The U.S. Energy Information Administration’s weekly report on Wednesday showed 15 weeks of consecutive rises in crude stocks although the rate of growth in inventories has slowed since a record build of 19 million barrels in early April.

The market was now watching for more data that shows that Organization of the Petroleum Exporting Countries (OPEC) and allies led by Russia – known as OPEC+ – are complying with a record 9.7 million bpd production cuts that began this month, according to Andrew Lipow, president of Lipow Oil Associates in Houston.

“I expect now prices will pull back to $20 a barrel because skepticism will come into the market about the compliance of OPEC+ on the production cuts,” said Lipow.

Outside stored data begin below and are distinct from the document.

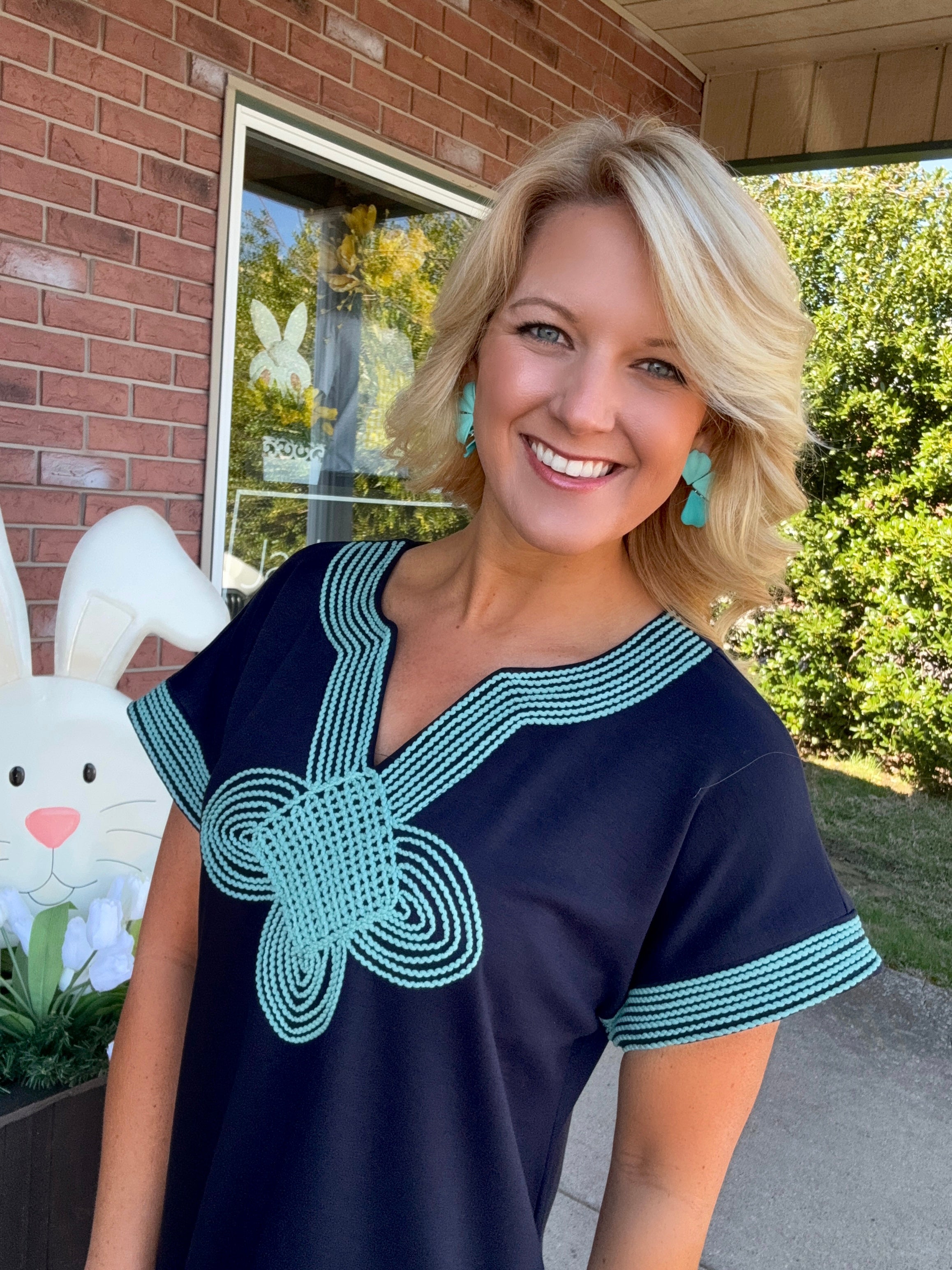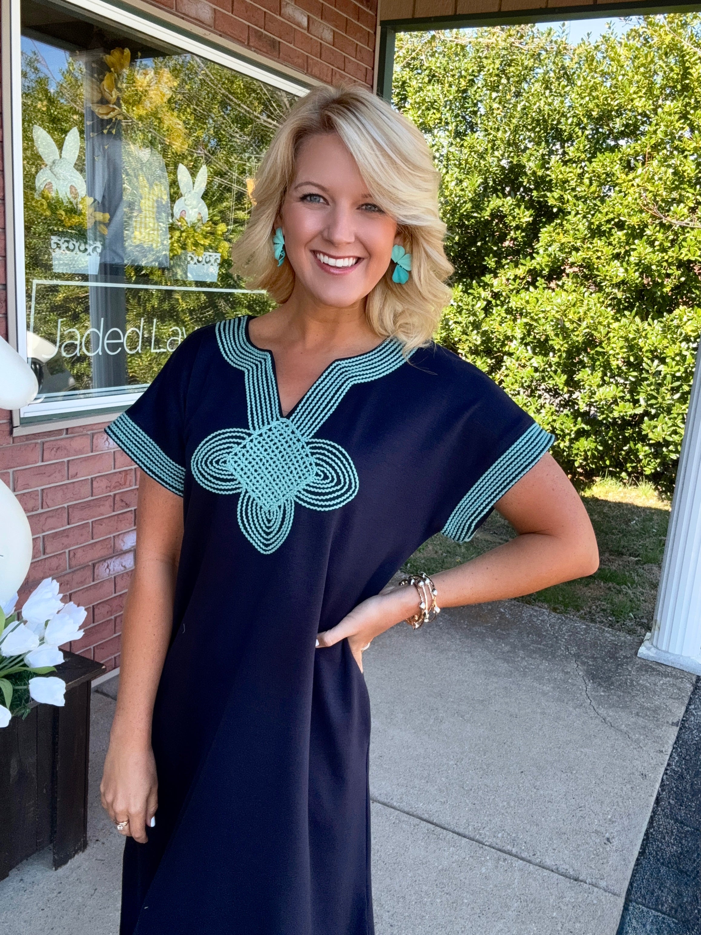 Navy & Mint Dress with Neckline Detail
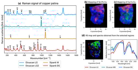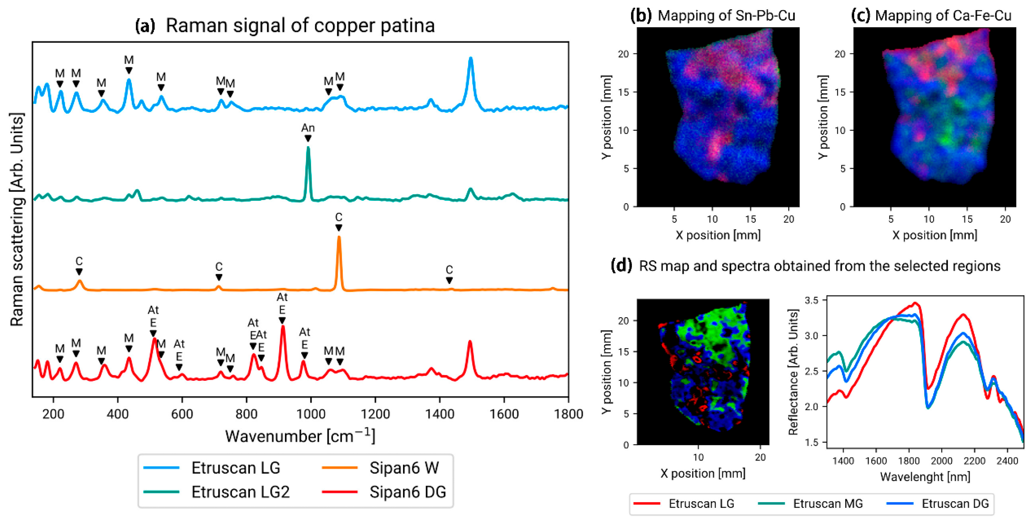 - Orsilli, J.; Caglio, S. Combined Scanned Macro X-Ray Fluorescence and Reflectance Spectroscopy Mapping on Corroded Ancient Bronzes. Minerals 2024, 14, 192. [Google Scholar] [CrossRef]
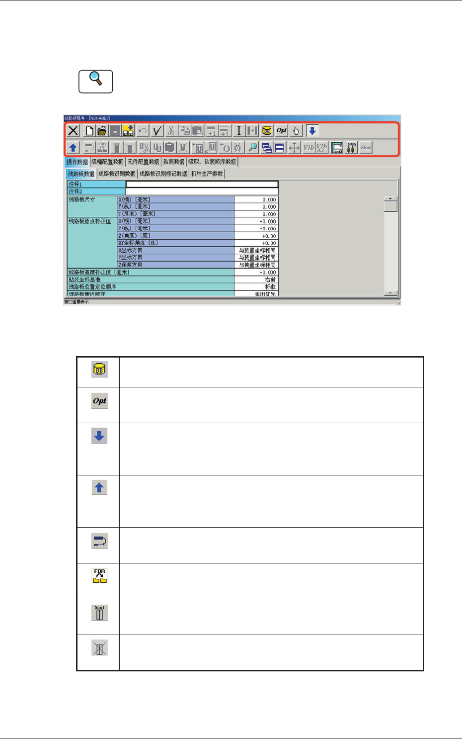 对只在“线路板程序”编辑界面中使用的图标进行说明。
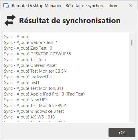 Une fois la configuration terminée, lancez le processus de synchronisation. Les nouvelles entrées créées à partir de Lansweeper apparaîtront alors dans RDM, prêtes à être utilisées.
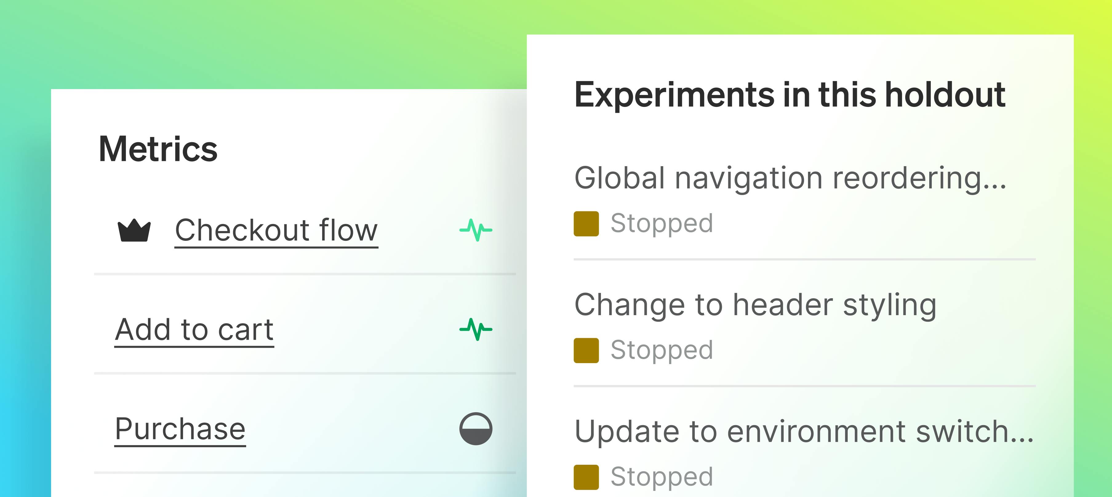 Easily compare the long-term lift on your metrics across many experiments with a control group that is deliberately excluded from experiments.
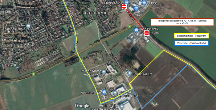 Annak érdekében, hogy az Almádi csomópont zárása miatt, az Almádi és Füredi úti É-D irányú forgalom továbbra is fenntartható legyen, a csomópontok között – párhuzamosan a 8. sz. főúttal – a meglévő utak jókarba helyezésével ideiglenes terelőutak kerülnek kijelölésre - írja a beruházó, amely feltöltötte a tervezetten szeptemberben induló tereléseket bemutató térképet.
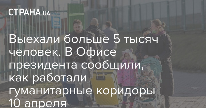 По гуманитарным коридорам, которые были открыты 10 апреля, смогли эвакуироваться 5031 мирный житель. Об этом сообщает Офис президента.
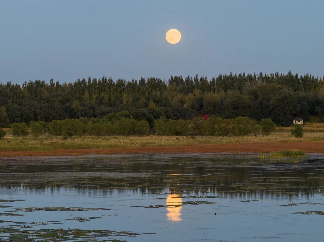 △2025年10月7日,辽宁沈阳,超级月亮现身康平县卧龙湖上空。
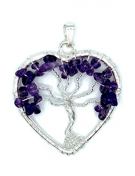 El colgante destaca por su forma de árbol de la vida, es una joya elegante, original y divertida. Diseñada con piedras naturales de Amatista. Está ensamblado a mano.
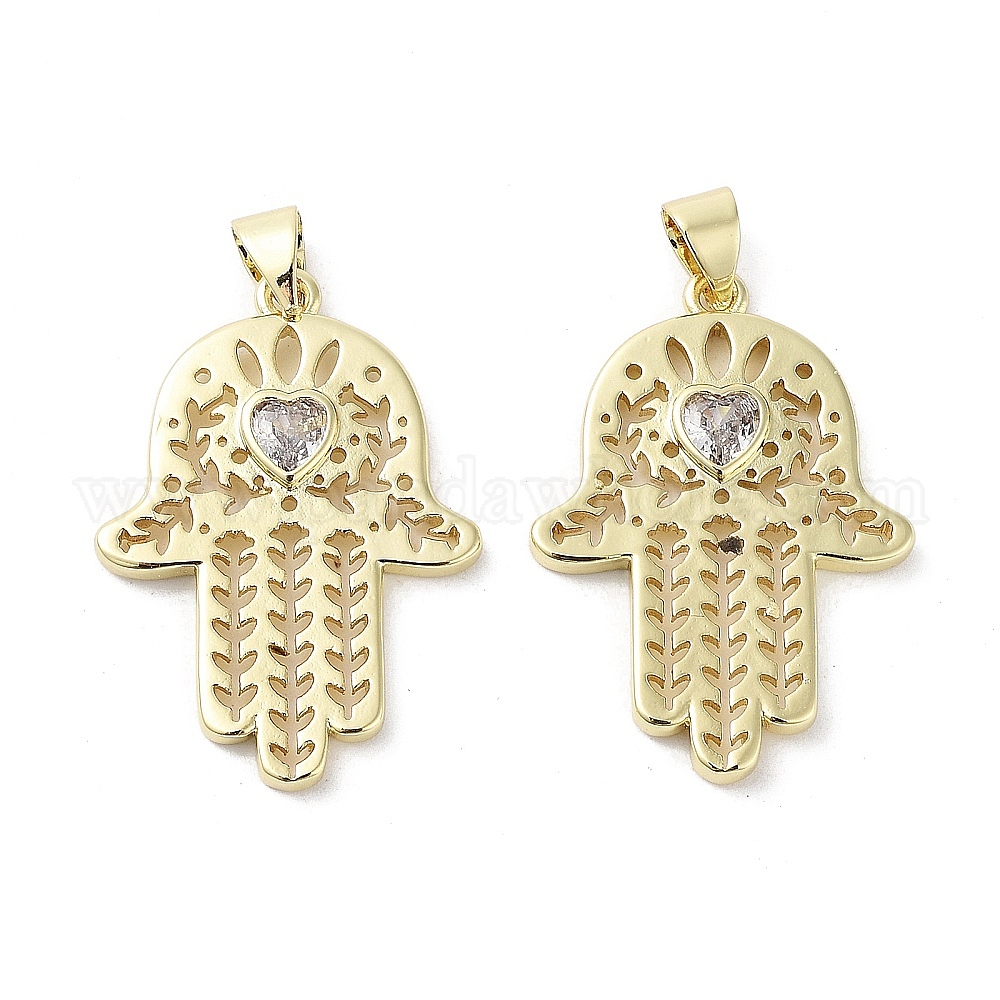 Покрытие стойки Хамса, ручная латунь, микро-паве, подвески из кубического циркония, без кадмия и без свинца, долговечный, реальный 18 k позолоченный

Iraq has yet to inform its regular oil buyers of cuts to its exports, suggesting it is struggling to fully implement supply cuts.

“All it takes is one or two countries not to comply and it could open the door for others,” Lipow said.

Australia on Friday became the latest country to plan an easing of lockdowns, while France, parts of the United States and countries such as Pakistan are also planning to ease restrictions.

Market participants were also watching how the economic crisis unfolding in the United States affects oil demand in the coming months. The world’s biggest economy lost a staggering 20.5 million jobs in April, the steepest plunge in payrolls since the Great Depression.